– Ваш отец живет в Турции?
– Давным-давно. У него там усадьба. Я его очень люблю, и он меня любит. При отъезде дал мне много денег и подарил вот эту штуку. – Джамбул вынул массивные золотые часы, надавил пуговку, крышка отскочила. На его лице выразилась наивная, простодушная, почти детская радость Он поднес часы к уху, послушал и положил их назад в жилетный карман, опять с удовольствием щелкнув крышкой. – Идут не минута в минуту, а секунда в секунду. Отец когда-то купил в Константинополе. Это Брегет… Помните у Пушкина? «Пока недремлющий Брегет – Не прозвонит ему обед».

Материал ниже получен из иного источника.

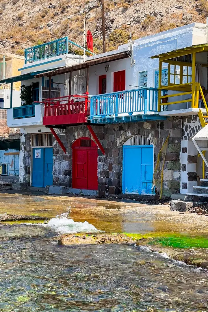 Klima is one of the most charming fishing villages in Greece. It’s filled with tiny, colorful boat houses (called syrmata) which line the shore. Fishermen used to store their boats on the ground floor and lived above them. Today, some have been converted into unique accommodations like this one if you want to spend the night here.

– Кажется, сейчас начинаем! Люди входят.
– Да, приехал наш именитый председатель.
С извозчичьих дрожек сходил человек в сюртуке. Люда тотчас его узнала: Плеханов! К нему на улицу поспешно вышел Кольцов. Плеханов довольно холодно с ним поздоровался и неторопливо направился к воротам. Люди ему кланялись. Джамбул отвернулся.
– У него интересное лицо! И выправка почти военная. Я сама из военной семьи и замечаю.
– Не люблю его. Теоретиков вообще не люблю. Ленин гораздо лучше, хотя и он тоже теоретик.
Раздался звонок. Они вошли в амбар. Плеханов со скрещенными руками стоял за столом. Рядом с ним сидел стенографист. Около стола Кольцов радостно-торжественно звонил в колокольчик.
Когда все заняли места, Плеханов объявил съезд открытым и сказал краткое приветственное слово, – сказал, как всегда, хорошо. Очень повысив голос, произнес: «Каждый из нас может воскликнуть и, может быть, не раз восклицал словами рыцаря-гуманиста: «Весело жить в такое время!» Эти слова были покрыты рукоплесканиями, впрочем не очень бурными, не «переходившими в овацию». Часть собравшихся в амбаре делегатов вообще не аплодировала, и вид у них был довольно угрюмый. Аплодировал Ленин и еще сильнее Люда, иногда на него поглядывавшая.
– А вот я ни разу не восклицал словами рыцаря-гуманиста и даже отроду не слышал о них, – сказал шепотом Люде Джамбул. – А вы слышали?
– Во всяком случае я всегда думала именно это!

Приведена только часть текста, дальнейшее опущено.